Spina bifida (with exact cause unknown) is a congenital defect by which a baby is born with a ‘swelling’ or ‘wound’ on the back, leading to improper development of the spinal cord.

The health condition affects approximately between one and three out of 1,000 newborns globally, according to experts, adding that it is a life-long situation but persons born with it are capable of living long and healthy if properly managed.

Deputy Director, Nursing Services, Lagos University Teaching Hospital (LUTH), Idi-Araba, Ojei Sarat Onyebuka, explained this condition at a one-day media workshop organised by the Festus Fajemilo Foundation (FFF) in Lagos recently.

FFF, which was founded in 2006, is a pioneer NGO in Nigeria advocating the well-being of people with spina bifida and hydrocephalus.

According to Onyebuka, surgery is usually required on babies born with spina bifida, which is to remove the bulge from the back or threaten the wound if the bulge is already burst before delivery.

She noted that the condition is generally problematic, especially when considering the severe type, as the persons living with it may be unable to walk for life on their own or control their urine or faeces.

“Some may even suffer erectile dysfunction to the extent that they may not be able to procreate naturally on their own,” she added.

“And that is why children with spinal bifida need multi-care services from diverse health experts and social workers, and the earlier the better for a good result.

“They will need to use a catheter (a tube) and change it frequently, so likewise do bowel washouts so as not to mess up their body with urine or faeces.

Onyebuka declared that it’s far better to prevent the condition as caring for children with bifida is quite demanding, requiring both parents to join hands for these roles while society, on its part, accepts and gives support to children with the condition.

She noted that because of the challenges, some parents may hide their children at home or throw them away, especially because of stigma or when they find it difficult to cope, rather than enrol them in school for learning.

But upon the whole, she pointed out, spina bifida is not a death sentence, as children with the condition have the potential to study and learn skills and become responsible citizens, urging the government to take the condition with more seriousness.

In her own presentation, a social worker and FFF volunteer, Lara Fernandez, highlighted the importance of growing up youths who are yet to marry to take good care of their health and avoid premarital relationships.

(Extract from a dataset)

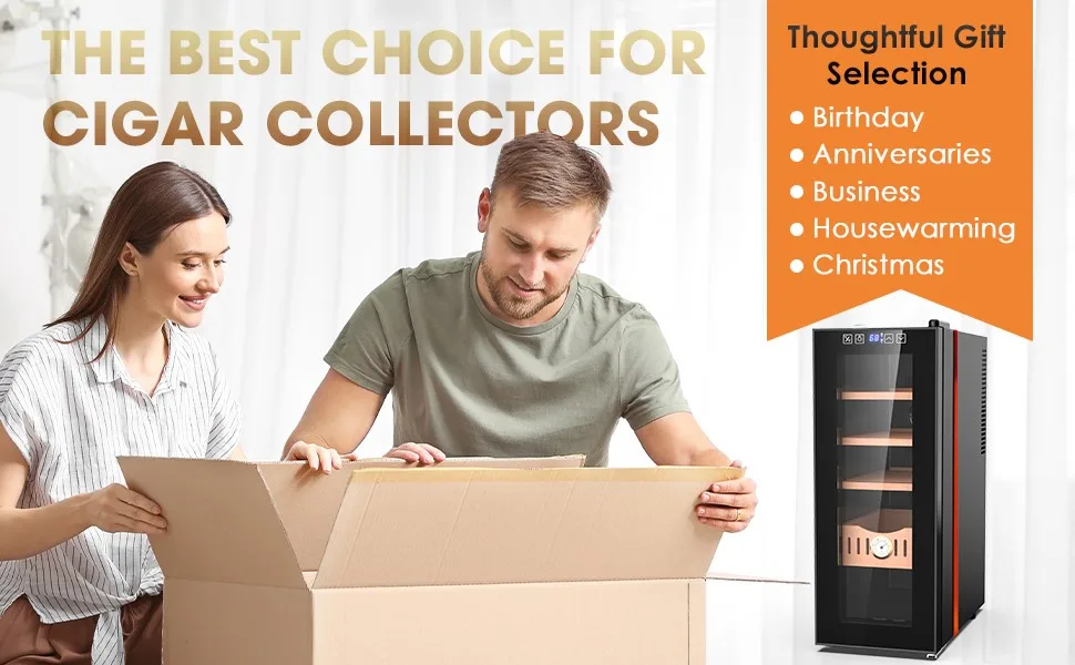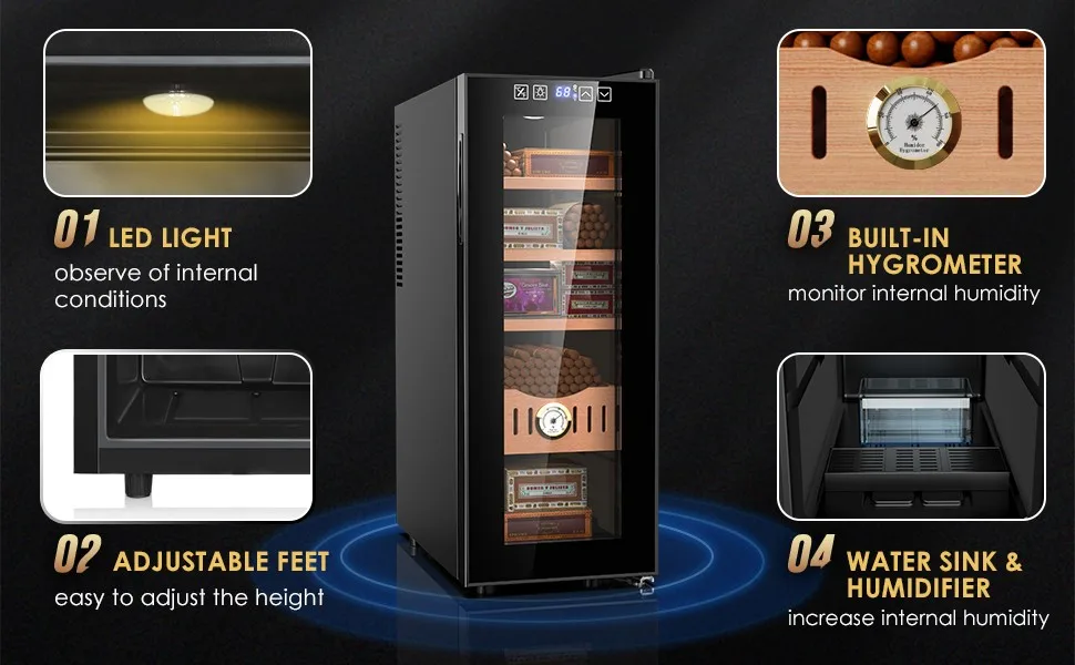 Kabinet Humidor Cerutu Elektrik 35L untuk 250 Kiraan, Kawalan Suhu Penyejukan & Pemanasan, dengan Rak Kayu Cedar Sepanyol
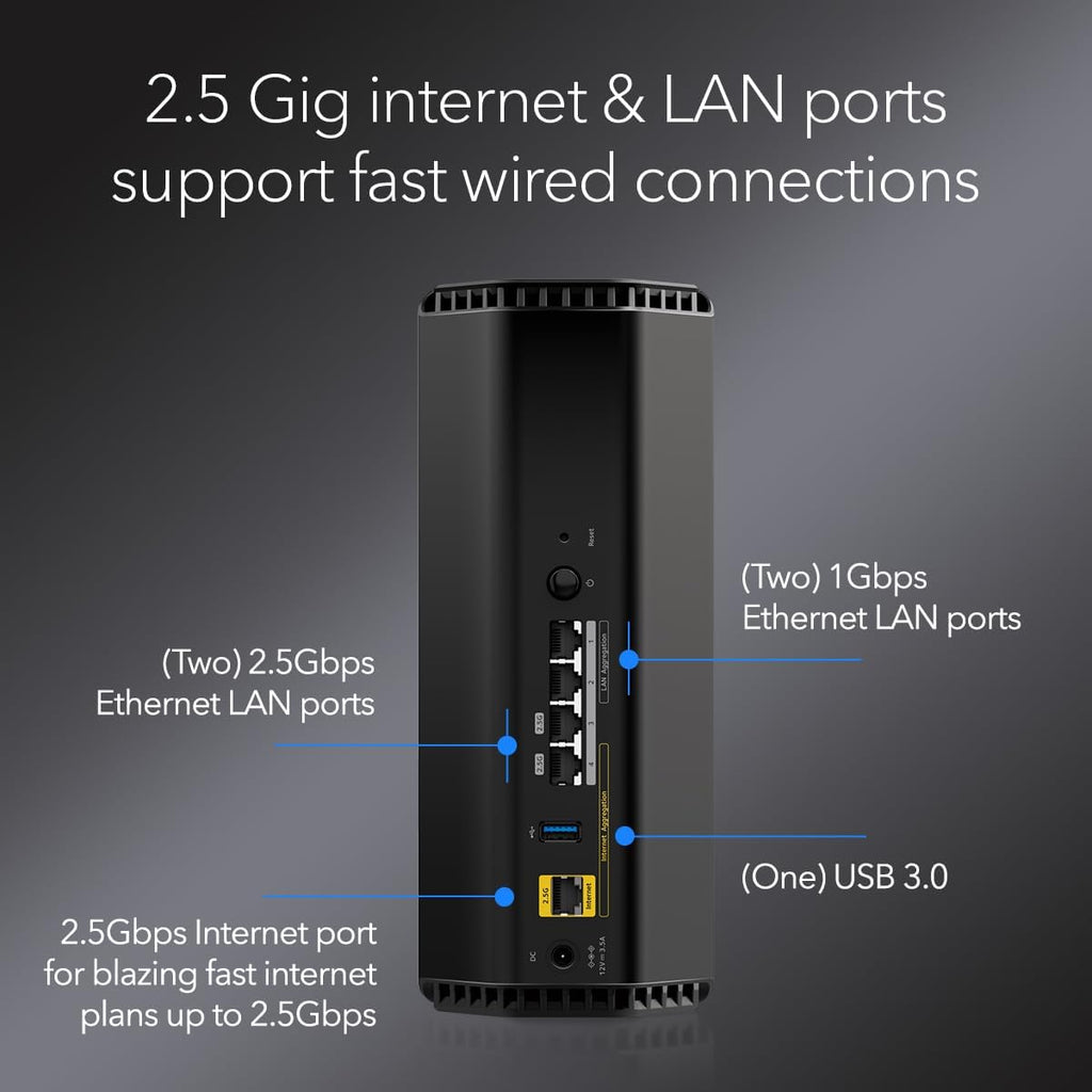 Multi-Gig Speeds with 2.5GbE Internet Port—Use the 2.5 Gig internet port for cable and fiber plans up to 2.5Gbps2. Compatible with any internet service provider.

According to her, it is better to avoid the risk of giving birth to children with deformities, as such health conditions usually come with multiple challenges.

“So, I will advise ladies who are yet to marry and those who have married to be taking folic acid daily to boost their immune system and lower the risk of having babies with deformity,” she stated.

Highlighting the impact of FFF in advocacy and care for persons affected by spina bifida and hydrocephalus over 18 years of establishment, the co-founder of the group, Mr Afolabi Fajemilo, said the foundation has built a community of families, providing support in the areas of surgeries, post-surgery rehabilitation, education, psychosocial, and vocational training, among others.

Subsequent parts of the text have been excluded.